Does the description clarify parameter syntax, constraints, interactions, or defaults beyond what the schema provides?

Schema coverage is 100%, so baseline is 3. The description adds value by explaining the purpose of each parameter in context (e.g., 'workspace_dir' becomes Claude's working directory) and elaborates on the evidence items (types, claim, ref). It does not repeat schema details but augments them.

Input schemas describe structure but not intent. Descriptions should explain non-obvious parameter relationships and valid value ranges.

Purpose5/5

Does the description clearly state what the tool does and how it differs from similar tools?

The description clearly states the tool's purpose: 'Open a structured, evidence-based debate with Claude about a significant decision.' It specifies the action (open a debate), the resource (Claude), and the context (evidence-based).

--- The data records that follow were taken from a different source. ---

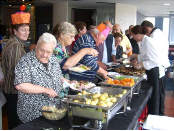
Members at the buffet table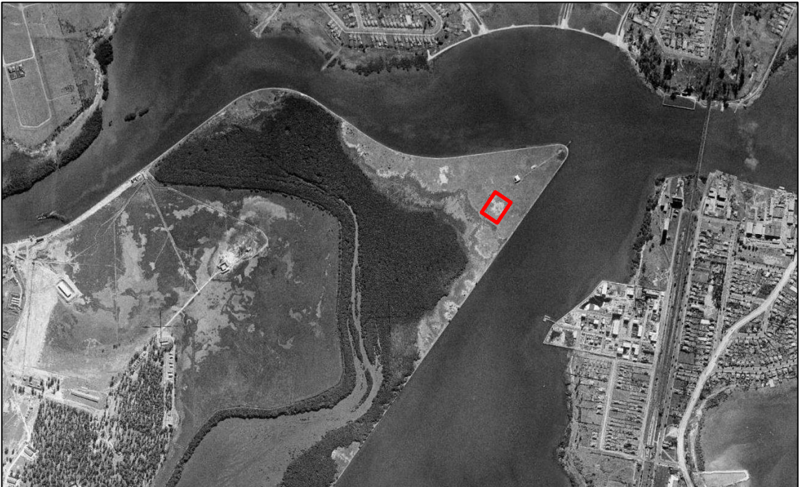
Figure 4: 1943 aerial image of Wentworth point showing the study area as existing landfill, approximate study area location shown edged in red (Nutley & Norman 2021a:12)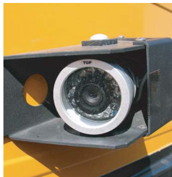
Mounted Stop Arm Camera With Night Vision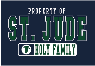
FULL FRONT - DESIGN A ON NAVY ONLY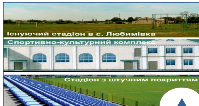
Існуючий стадіон в с. Любимівка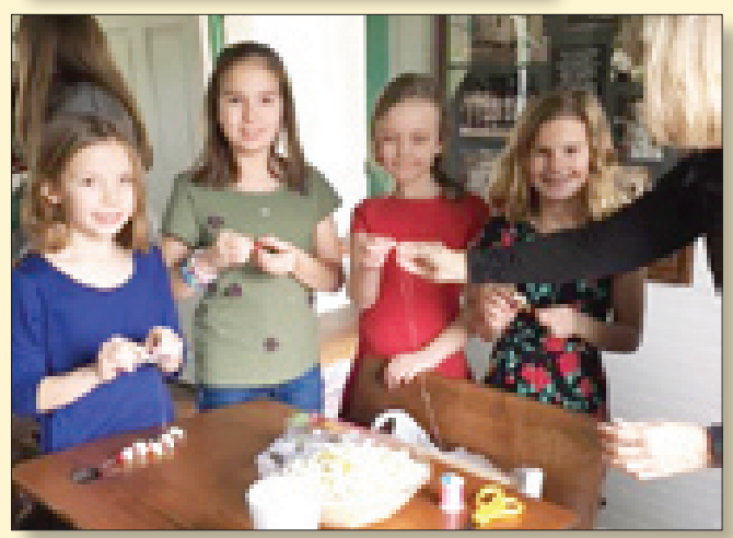
The Slate Page 6

cranberries to either hang on the Christmas tree in the schoolhouse or to take home and hang on their tree. They also enjoyed helping to decorate the tree in the schoolhouse with old-fashioned ornaments. It was indeed a magical time, and if you missed this fun glimpse back in time, be sure to mark your calendar for next year's gathering on the Sunday before Christmas.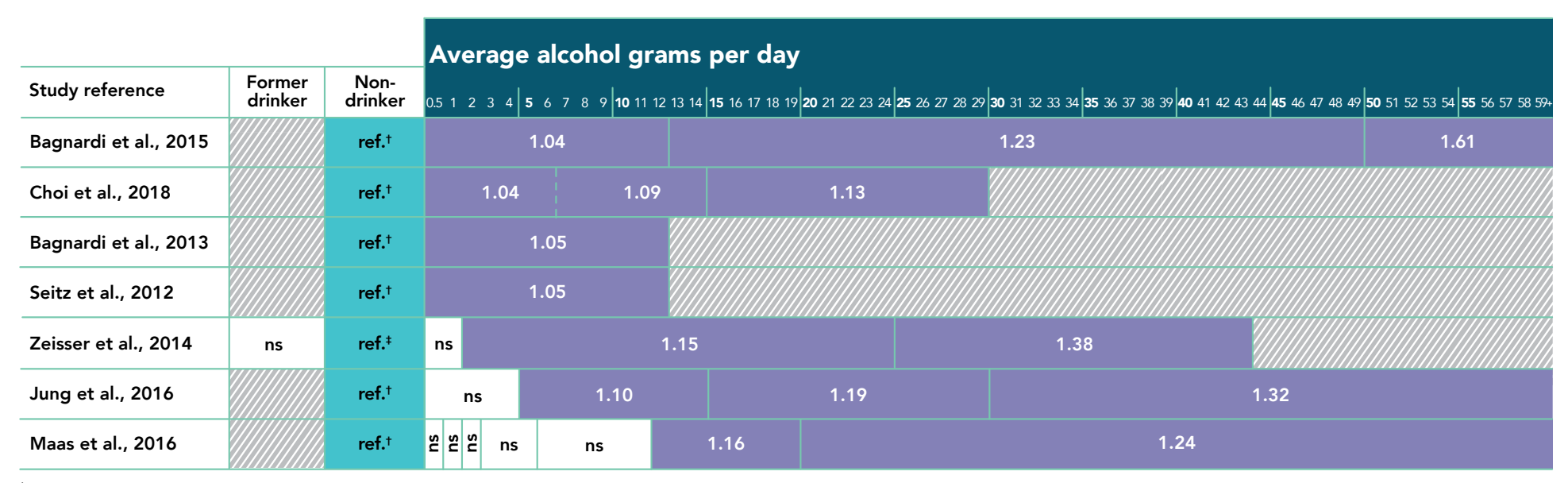
Table 2. Relative risk estimates for alcohol consumption associated with breast cancer for women combined from meta-analyses and pooled cohort studies*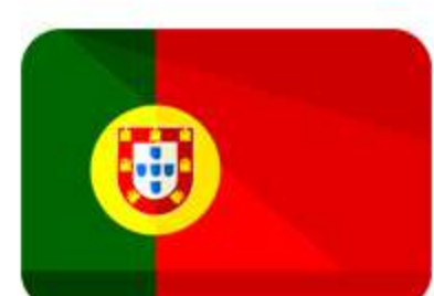
RUI PEDRO BRÁS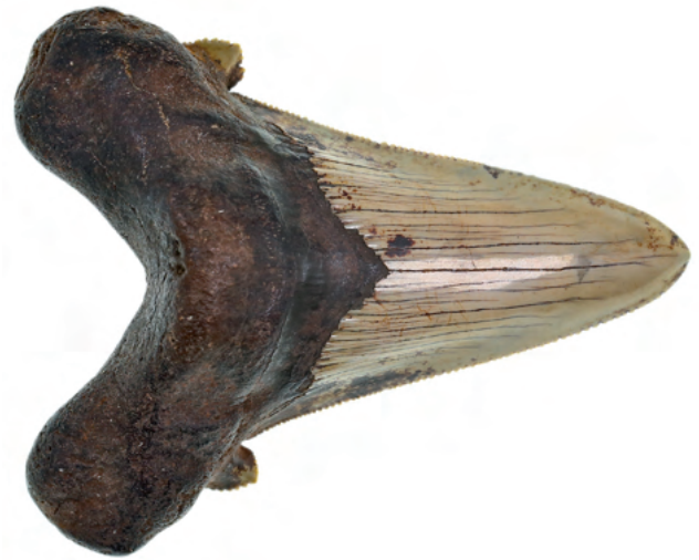
2555* Megalodon tooth , ( Carcharocles suriculatus ), Eocene Era - (54 million years ago), medium piece with cusps, tan coloured enamel, dark brown root and serrations, (9.5cm long x 7.5cm wide). Extremely fine and rare.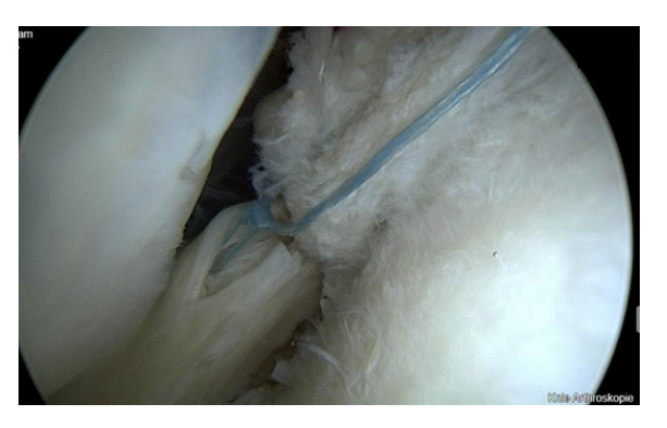
Fig 3. Refixation of the tear was performed using two all-inside repairs: one in the middle third (red -white zone) and one in the inner third (white-white zone). The image shows only the suture in the inner third.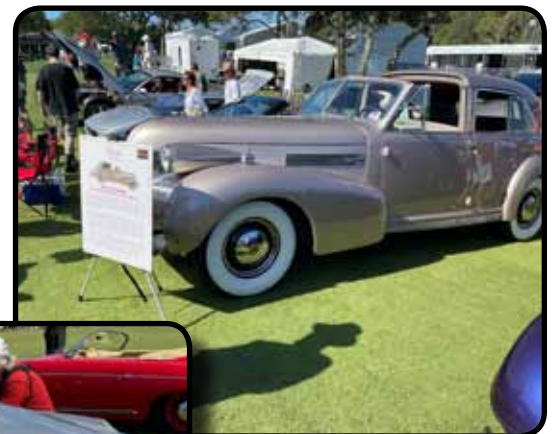
Right: 1940 Cadillac 60 Special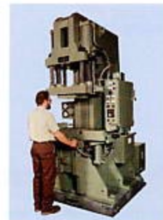
Custom C-Frame transfer molding press with shuttle table. Custom presses are available through your WABASH MPI representative.

discuss all of your molding requirements. We also manufacture 15 to 150 ton C-Frame and 4-post injection molding machines, 180 to 450 ton injection molding machines for elastomers, Compression molding machines, Transfer molding machines, Vacuum chamber molding and laminating presses and Die-cut and Trim presses. For more information on any of our equipment see your WABASH MPI representative or contact our office.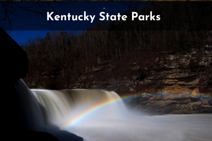
Kentucky State Parks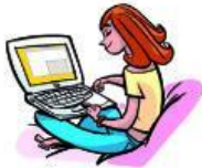
10 ... the Internet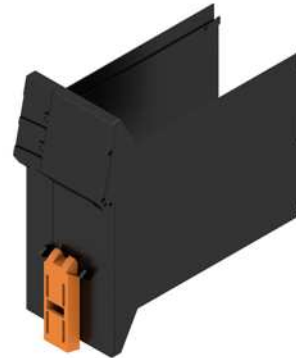
Base element without cut-out in snap-in foot area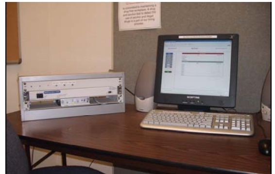
DPS Telecom's Testing Kiosk

Our interview process varies from position to position. Applicants may expect interviews via phone, and one-on-one with the hiring manager and the department manager. Applicants can expect to have anywhere from one to 3 meetings with department representatives.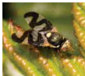
An adult gall fly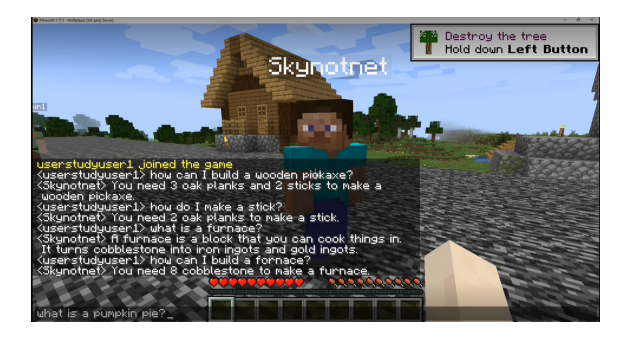
Figure 4: Participant interacting with the NPC to get the crafting recipes of different resources

Table 4 shows sample player inputs and generated code. We find that participants used different phrases (see table 1) to frame their questions and the NPC was usually able to correctly map these to the right function call. It was able handle minor variation in the resource name ('wood pickaxe' instead of 'wooden pickaxe'), misspellings ('fornace'), contextual phrasing ('what goes into a pumpkin pie' since its a food item), and nonquestion phrasing ('recipe for clock'). Some participants held extensive conversations with the NPC

It distinguishes from siblings by mentioning 'claude_debate_reply' for continuation.

Agents choose between tools based on descriptions. A clear purpose with a specific verb and resource helps agents select the right tool.

Usage Guidelines5/5

Does the description explain when to use this tool, when not to, or what alternatives exist?

The description explicitly states when to use this tool: 'architecture decisions, risky changes, and security-sensitive work, not routine questions.' It also notes that it is 'Expensive and slow' and directs users to 'Continue rounds with claude_debate_reply.'

Agents often have multiple tools that could apply. Explicit usage guidance like "use X instead of Y when Z" prevents misuse.